Case 2 (When ri' > ri):
This happens when parent palindrome's right end is less than child palindrome's right end than this become same special case 2 we discussed above. In this case Predicted value of LPS is greater than actual and its actual value corresponds child palindrome right end to ri instead of ri'as we discussed above.
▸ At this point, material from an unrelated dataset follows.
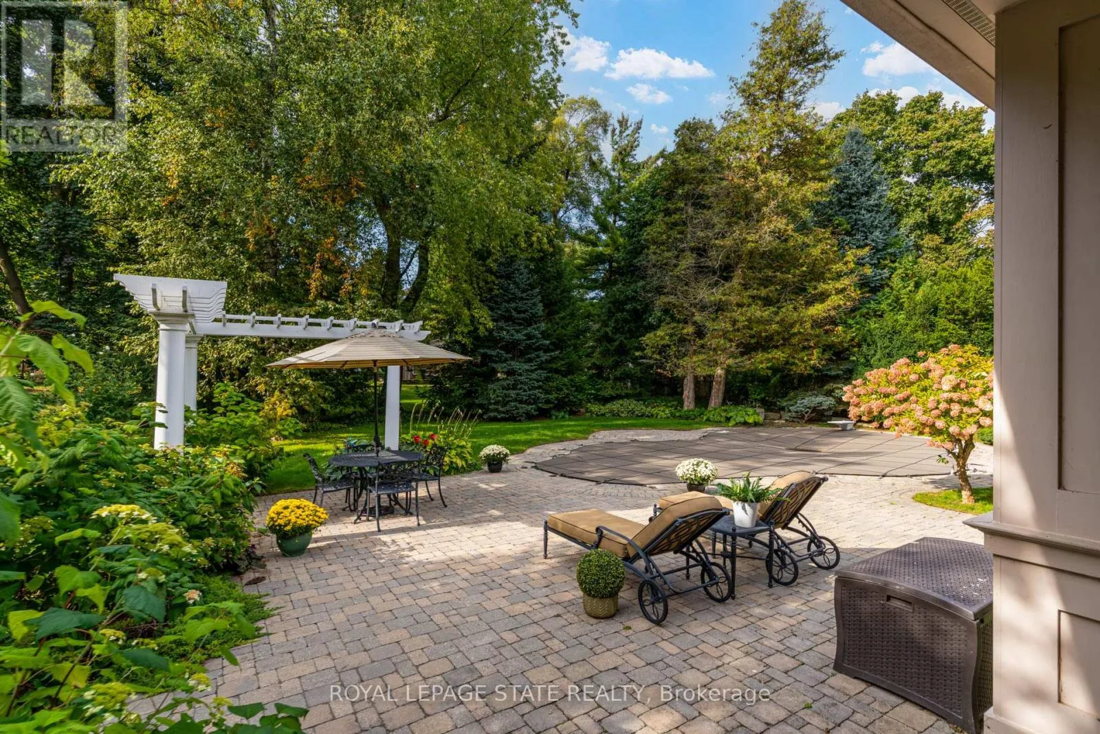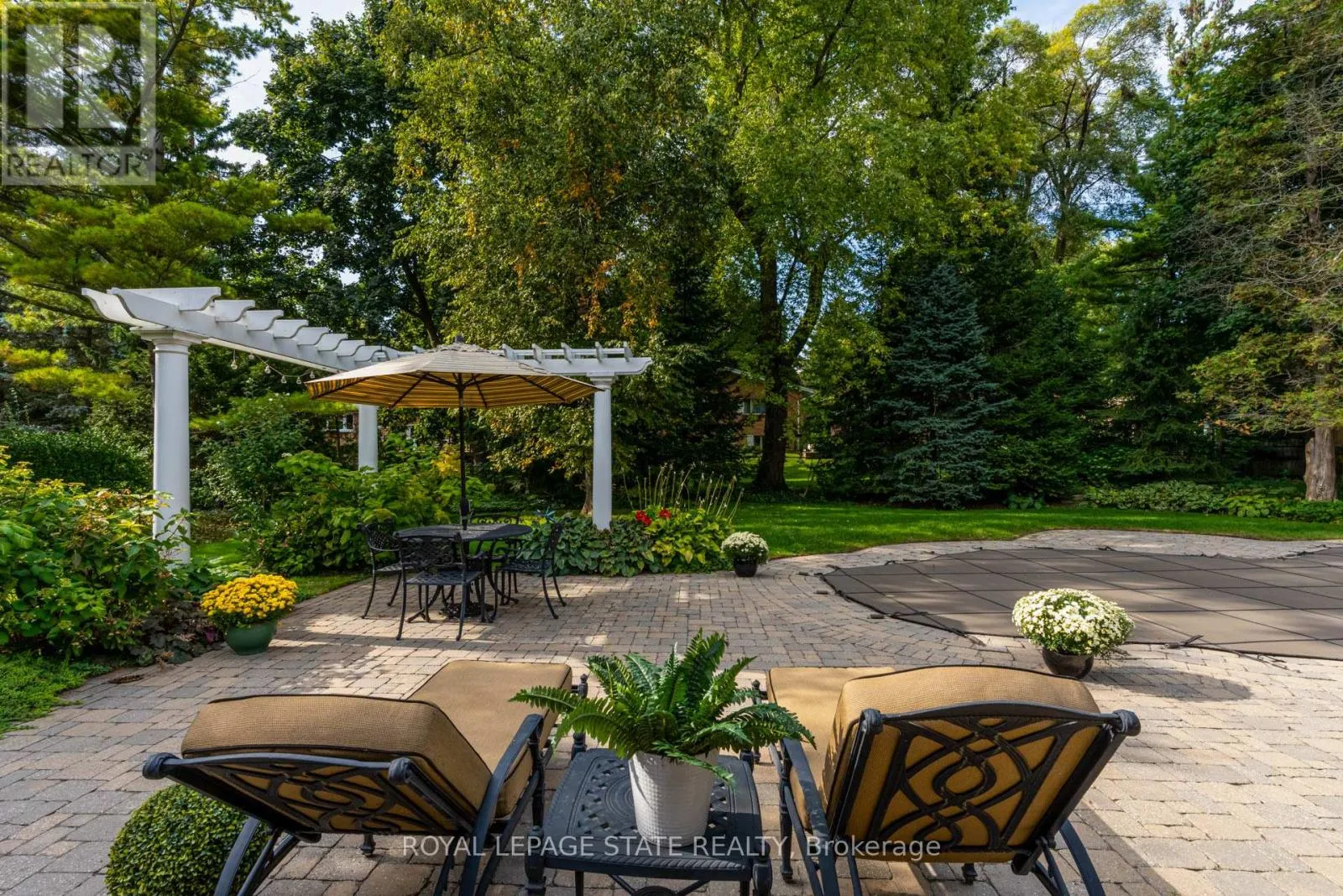 East on Ardleigh Rd from Maple Grove Dr Residing on a mature, landscaped lot in Oakville with tree-lined streets creates a gorgeous setting for this lovely 3+1 bedroom bungalow where there are green views from every window. This home provides both a private, tranquil setting and great entertaining spaces. There is a covered porch off the back of the house where views of trees and greenery can be enjoyed. A large, stone patio area hosts an L-shaped pergola framing a sitting or dining area and surrounds the in-ground pool. Centrally located within highly desirable, prestigious Eastlake community of southeast Oakville, this location makes it ideal for accessing both the lake and the area's top amenities and schools. The large, gourmet kitchen has an island breakfast bar and a large window with a view of a Japanese Maple tree. Three bay windows offer a warm, inviting ambience; two in bedrooms and one in the dining room. The basement has in-law suite potential as there is a storage area under the kitchen that sides onto the bathroom, and there is separate entrance potential. Situated close to the town's most valuable amenities, there is top-tier education, lakeside leisure with green spaces and close proximity to the waterfront including Gairloch Gardens and scenic Lake Ontario trails. For convenience and community, enjoy a short drive to vibrant shops, gourmet restaurants, and cultural attractions of historic downtown Oakville. Maple Grove Village offers excellent shopping and services. Come and see all that this area and home have to offer! (id:27476)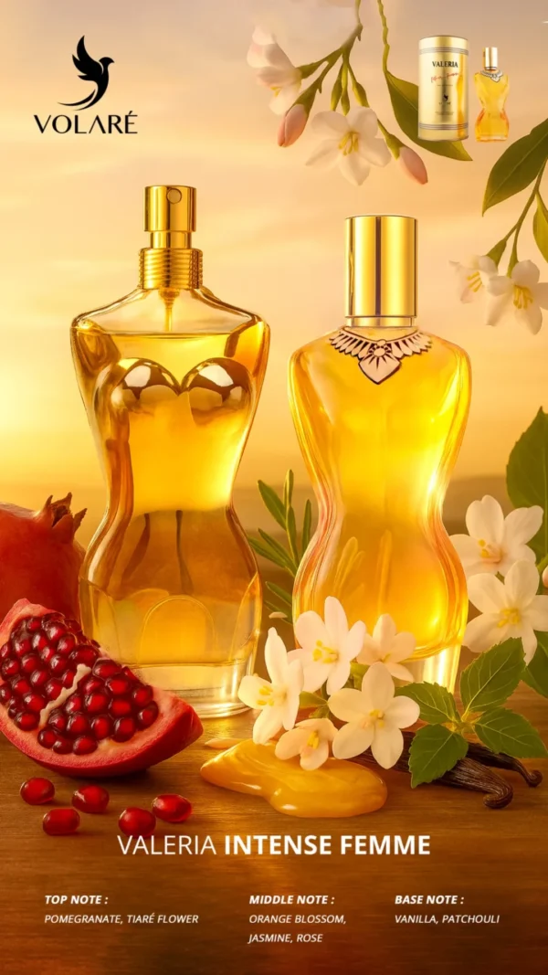Volare Valeria Intense Femme evokes the energy and elegance of a confident woman. Fresh pomegranate notes melt into a radiant floral bouquet, complemented by warm vanilla and patchouli, creating a modern, sophisticated and memorable fragrance.

Hence actual value of LPS[j] is 2*(ri - j)+1 because right end is at ri and j is its centre of child palindrome about which we are discussing.
Case 3 (When ri' < ri): This happens when parent palindrome's right end is greater than child palindrome's right end than this become normal case.In this case predicted LPS[i] is correct because child palindrome is fully contined in parent palindrome.

Longest even length palindromic Substring

To find longest even length palindromic substring we are going to use exact same algorithm which we have discussed above for odd length palindrome but before applying that algorithm we modify string. For example consider below example:
 1. Let us we have string s = "abaab". Note that here longest 
    palindrome is "baab" of length 4.
 
 2. Then we construct a modified string s1 = "$a$b$a$a$b$".
 
 3. Now we apply algorithm to find longest odd length palindrome in this 
    modified string s1 which give us an longest odd length 
    palindromic substring which is "$b$a$a$b$" of length 9.
    
 4. Now just remove all '$' sign from palindrome and we will get 
    our longest even length palindrome. 
    For example "$b$a$a$b$" --> "baab".

Complexity

Time Complexity:O(n)
Space Complexity: O(n)

Implementation


#include <bits/stdc++.h>
using namespace std;
vector <int> createLPS(string s)
{
	vector <int> LPS(s.size(), 1);
	int i, j, ri = 0, li = 0, centre = 0;
	/* li stores starting position of parent palindrome
	   ri stores end position of parent palindrome
	   centre stores the index of element around which palindrome exists
	*/
	for(i=1; i < s.size(); i++)
	{
		if(i <= ri)
		{
			LPS[i] = LPS[centre - (i-centre)];
			if((i+ (LPS[i]-1)/2) > ri) // Case2 condition
				LPS[i] = 2 *(ri- i) + 1;
			else if((i+ (LPS[i]-1)/2) == ri) // Case 1 condition
			{
				j = (LPS[i]-1)/2 + 1;
				while((i+j) < s.size() && (i-j)>= 0 && s[i+j]==s[i-j])
					j++;
				j--;
				LPS[i] = 2*j +1;
				centre= i;
				li= i- j;
				ri= i+ j; 
			}
		}
		else
		{
           /*When index i for which we are calculating LPS is not inside parent palindrome.*/
			j=1;
			while((i+j) < s.size() && (i-j)>= 0 && s[i+j]==s[i-j])
					j++;
				j--;
				LPS[i] = 2*j +1;
				centre= i;
				li= i- j;
				ri= i+ j;
		}

	}
	return LPS;
}

int main()
{
	string s, s1="$";
	cin >> s;
	pair< int, int> ans = make_pair(0, 1); 
	//ans pair stores size of longest palindrome and index of first character of longest palindrom
	
	////
	vector<int> LPS = createLPS(s);
	for(int i=0; i < LPS.size(); i++)
	{
		if(LPS[i] > ans.first)
		{
			ans.first = LPS[i];
			ans.second = i - (LPS[i]-1)/2;
		}
	}
	////////////// Above calculation is for finding longest Odd length palindrome

	/////////////
	for(int i =0; i < s.size(); i++)
	{
		// This loop appends $ sign in each gap of string (E.g: s = absana -->  s1= $a$b$s$a$n$a$)
		s1.push_back(s[i]);
		s1.push_back('$');
	}
	LPS = createLPS(s1);
	for(int i=0; i < LPS.size(); i++)
	{
		if((LPS[i]-1)/2 > ans.first)
		{
			ans.first = (LPS[i]-1)/2;
			ans.second = (i - (LPS[i]-1)/2)/2;
		}
	}
	/////////////Above calculation is for finding longest Even length palindrome

	cout << "Longest palindrome length is " << ans.first << " and it is started from index :" << ans.second; 
}

Application

  1. Manacher's algorithm is used to find longest palindromic substring in linear time complexity.